Rabbi Kook, in Orot HaKodesh, vol. 2, discusses the problem of perfection and perfecting. He says that one of the human perfections is the very process of perfecting ourselves (the process by which we become more complete). That perfection cannot exist in the Holy One, blessed be He, because He is already perfect and cannot become perfected. Therefore He created us deficient, and through our process of perfecting ourselves He possesses the quality of perfecting. The service for Him is to perfect ourselves and the world.
For a sharper formulation of the idea, see here: https://mikyab.net/%D7%9B%D7%AA%D7%91%D7%99%D7%9D/%D7%9E%D7%90%D7%9E%D7%A8%D7%99%D7%9D/%D7%97%D7%99%D7%A6%D7%95-%D7%A9%D7%9C-%D7%96%D7%99%D7%A0%D7%95%D7%9F-%D7%95%D7%94%D7%A4%D7%99%D7%A1%D7%99%D7%A7%D7%94-%D7%94%D7%9E%D7%95%D7%93%D7%A8%D7%A0%D7%99%D7%AA1/
Discussion on Answer
No. I am claiming that there was a deficiency in Him that was completed through our creation. But speaking of there being a deficiency in Him is only figurative. His perfection is such that He exists alone until a certain stage, and from then on we are created and become perfected. All of this together is the form of a perfect being. All of this (as much as one can speak at all about such an infinite process) is one long process of perfecting.

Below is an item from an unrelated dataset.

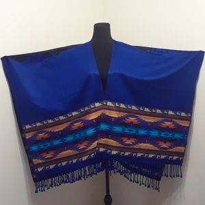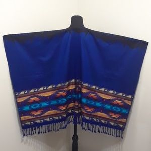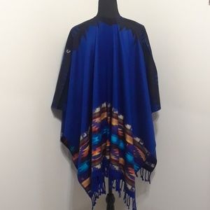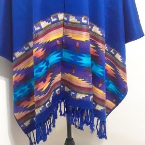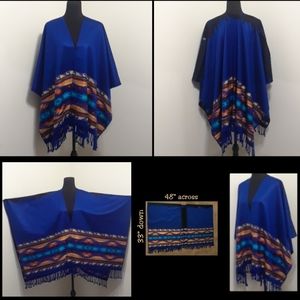 BEAUTIFUL VIBRANT HANDMADE PONCHO/SHAWL - Royal Blue and Black with multicolors, NO matrial content tag inside but feels like polyester, NWOT, NO FLAWS!!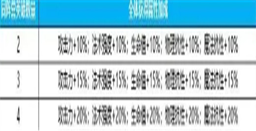 注意!同阵营的属性加成效果属于锦上添花,不建议强行凑加成,阵容搭配的合理性更加重要。

You wrote there in the article about Zeno’s arrows that there is a process with no practical significance, like a ball with velocity that collides with a wall.
There you argued that with God too it is the same thing, that there is not really any deficiency and the concept of perfecting is purely potential.
If so, here you are contradicting yourself, since here you claim that He does indeed have a deficiency.
Moreover, if there really is a process of perfecting with no practical significance in reality, why was a deficient world created in order to become perfected?
No contradiction. His “deficiency” is that He cannot become perfected.
The world was created so that the potential perfecting would be actualized (through a transition to a greater perfection in actuality). In mechanics too, the potential (= velocity, momentum) is indeed actualized. If not through change of place (when you are next to a wall), then through heat, mechanical deformations, and the like.
“In principle, it cannot be that our service is for ourselves, because if that were so, He should not have created us, and then there would be no need for the service either. We + our service are needed for Him.”
I did not understand why that is impossible. It could be that He saw that if He created us we would enjoy the good, and therefore He created us, even though He personally has no need for it,
And about this the verse says, “If you are righteous, what do you give Him?” And see Nachmanides on Parashat Shemini at length.
If we do not exist, then it cannot be said that our creation is for us. Before we were created, there is no “us.” This is parallel to the question of wrongful life, which I discussed in my article on gratitude. If the Holy One, blessed be He, is now doing something and there is nothing in the world besides Him, then it is done for Him. There is no one else of whom you can say that it is being done for him. Even the need to benefit others is His need, and therefore creation for that purpose too is done for Him.
Thank you very much, but you wrote, “He is all-powerful and therefore creates us as a completion for Himself.”
I am not disagreeing from the standpoint of His omnipotence. I am speaking from the standpoint of His perfection, and if He is indeed perfect, then according to your words why did He create us in the first place?
If I understood correctly, you are claiming that before creation there was no deficiency in Him of perfecting Himself. Only *after* creation—when He created deficiency in the world so that the world could become perfected—then such a deficiency in Him arose as well.
Am I right? But if so, why did He create the world in the first place?